Pictures stay out of the output. Return exactly the lines below from the one with "By using these" down to the one with "Новогодняя пижама из", both included, and nothing more.

▶ [PROVIDED RECORDS]
•••••
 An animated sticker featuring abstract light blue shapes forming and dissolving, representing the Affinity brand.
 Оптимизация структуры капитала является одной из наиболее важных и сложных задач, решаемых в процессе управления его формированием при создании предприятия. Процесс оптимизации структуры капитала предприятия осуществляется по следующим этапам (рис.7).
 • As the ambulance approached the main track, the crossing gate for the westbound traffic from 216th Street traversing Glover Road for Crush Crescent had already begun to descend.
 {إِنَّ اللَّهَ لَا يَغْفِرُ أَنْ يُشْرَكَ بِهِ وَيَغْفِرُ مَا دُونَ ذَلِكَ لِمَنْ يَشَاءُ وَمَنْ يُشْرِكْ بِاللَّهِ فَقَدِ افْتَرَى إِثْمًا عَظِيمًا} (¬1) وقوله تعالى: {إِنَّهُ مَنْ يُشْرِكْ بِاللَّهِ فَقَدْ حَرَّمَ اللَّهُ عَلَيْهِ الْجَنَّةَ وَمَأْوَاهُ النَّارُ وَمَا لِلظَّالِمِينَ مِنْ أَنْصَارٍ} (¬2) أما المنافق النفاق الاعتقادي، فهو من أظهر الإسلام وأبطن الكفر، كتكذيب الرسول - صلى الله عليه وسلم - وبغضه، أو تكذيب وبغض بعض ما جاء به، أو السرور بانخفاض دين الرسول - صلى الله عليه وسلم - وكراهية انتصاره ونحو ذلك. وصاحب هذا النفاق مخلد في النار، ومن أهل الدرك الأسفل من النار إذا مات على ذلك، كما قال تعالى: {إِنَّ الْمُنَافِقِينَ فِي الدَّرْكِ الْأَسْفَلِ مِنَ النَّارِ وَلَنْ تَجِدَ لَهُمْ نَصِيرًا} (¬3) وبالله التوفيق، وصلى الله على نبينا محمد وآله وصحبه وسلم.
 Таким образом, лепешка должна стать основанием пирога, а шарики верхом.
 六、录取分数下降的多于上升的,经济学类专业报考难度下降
•••••
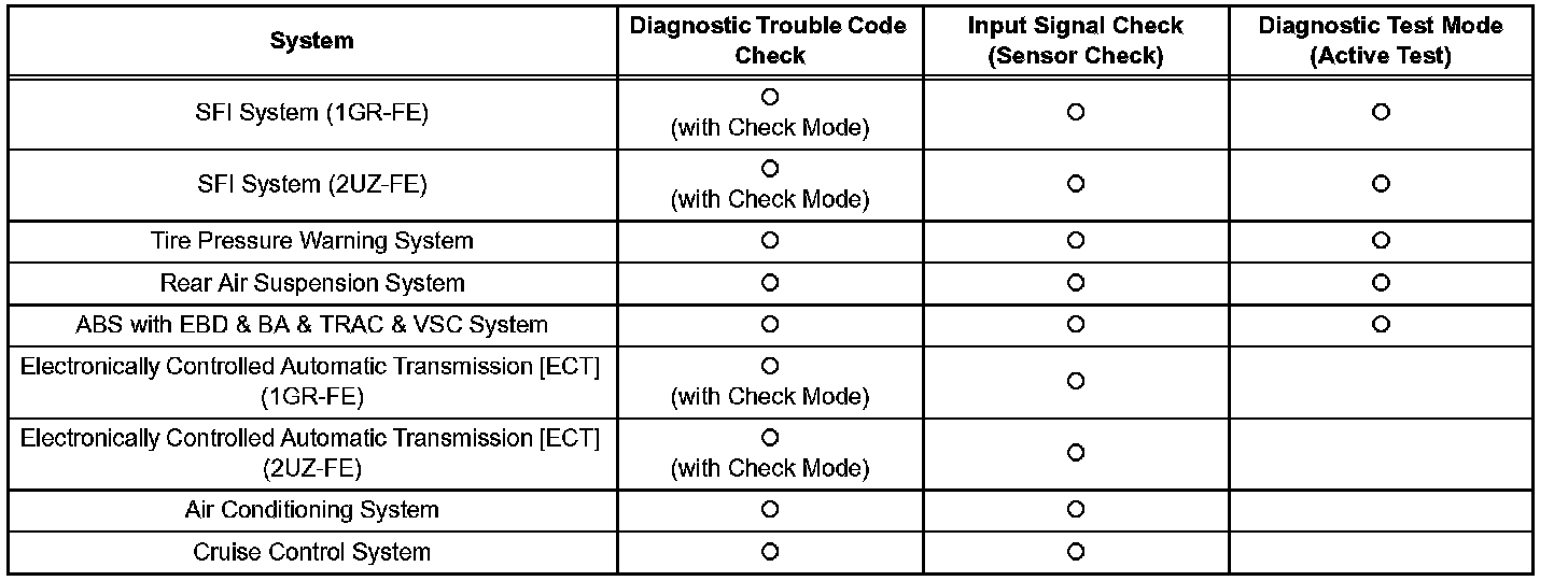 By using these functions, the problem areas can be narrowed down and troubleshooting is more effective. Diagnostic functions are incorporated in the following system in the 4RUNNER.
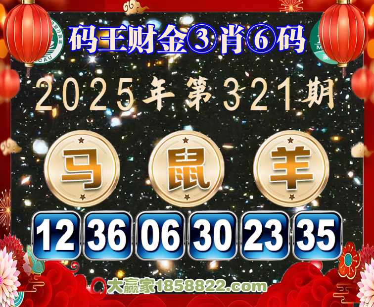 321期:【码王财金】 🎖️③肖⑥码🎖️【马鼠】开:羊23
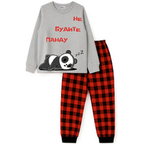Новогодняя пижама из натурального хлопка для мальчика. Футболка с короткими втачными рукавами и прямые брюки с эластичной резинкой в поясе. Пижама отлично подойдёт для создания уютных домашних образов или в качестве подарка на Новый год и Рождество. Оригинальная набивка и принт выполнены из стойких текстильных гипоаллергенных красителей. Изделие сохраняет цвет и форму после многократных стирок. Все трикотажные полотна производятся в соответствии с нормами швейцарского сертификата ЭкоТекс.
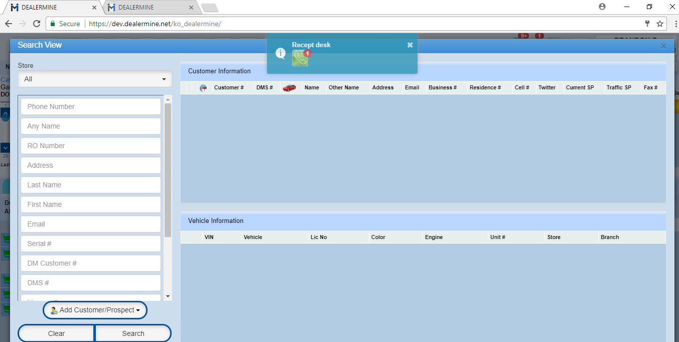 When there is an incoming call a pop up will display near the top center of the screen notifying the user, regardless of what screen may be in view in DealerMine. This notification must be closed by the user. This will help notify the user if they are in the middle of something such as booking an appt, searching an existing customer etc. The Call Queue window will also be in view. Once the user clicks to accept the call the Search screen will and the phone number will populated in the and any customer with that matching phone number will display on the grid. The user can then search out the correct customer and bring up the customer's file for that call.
•••••
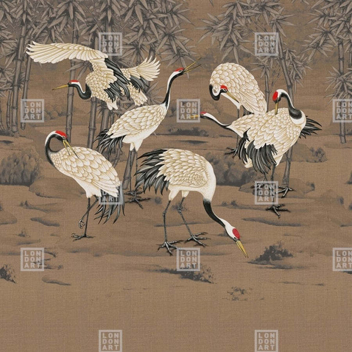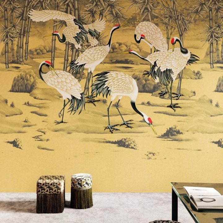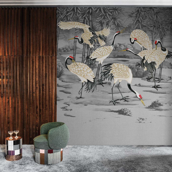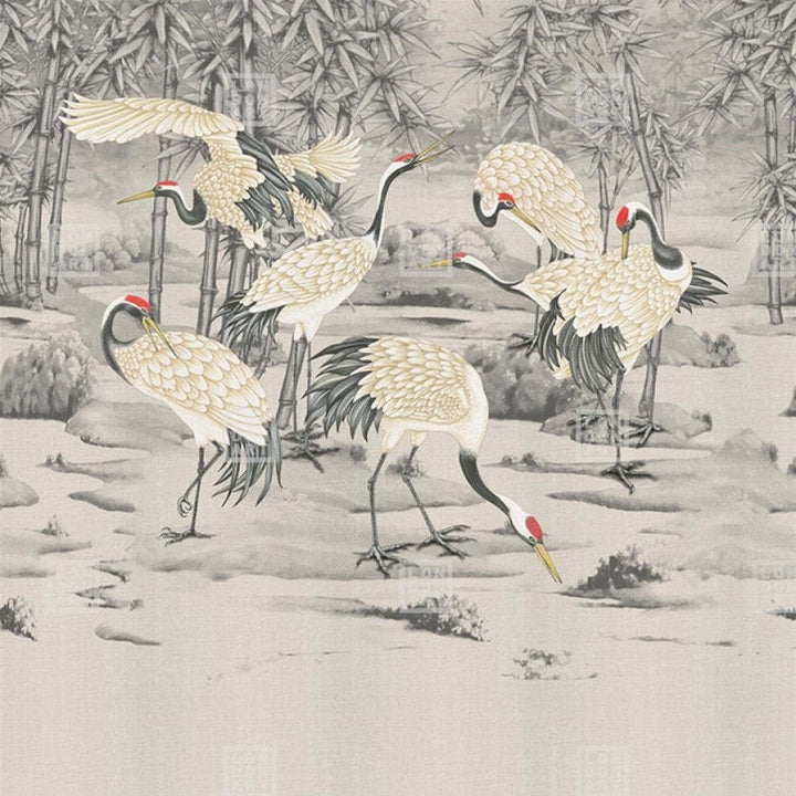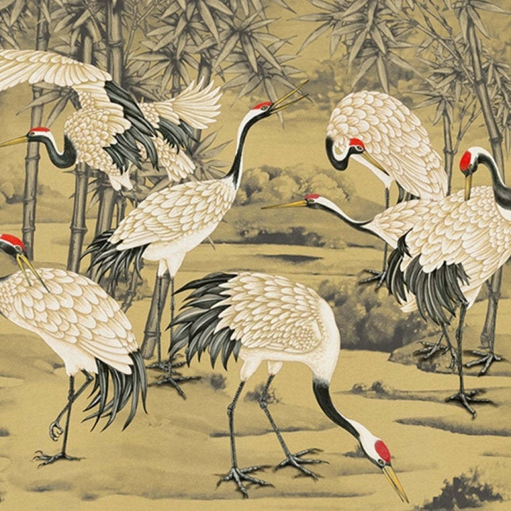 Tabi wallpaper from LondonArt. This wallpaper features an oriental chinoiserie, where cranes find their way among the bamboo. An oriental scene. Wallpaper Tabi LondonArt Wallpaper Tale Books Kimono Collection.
•••••
▶ [RESPONSE]
 By using these functions, the problem areas can be narrowed down and troubleshooting is more effective. Diagnostic functions are incorporated in the following system in the 4RUNNER.
 321期:【码王财金】 🎖️③肖⑥码🎖️【马鼠】开:羊23
Новогодняя пижама из натурального хлопка для мальчика. Футболка с короткими втачными рукавами и прямые брюки с эластичной резинкой в поясе. Пижама отлично подойдёт для создания уютных домашних образов или в качестве подарка на Новый год и Рождество. Оригинальная набивка и принт выполнены из стойких текстильных гипоаллергенных красителей. Изделие сохраняет цвет и форму после многократных стирок. Все трикотажные полотна производятся в соответствии с нормами швейцарского сертификата ЭкоТекс.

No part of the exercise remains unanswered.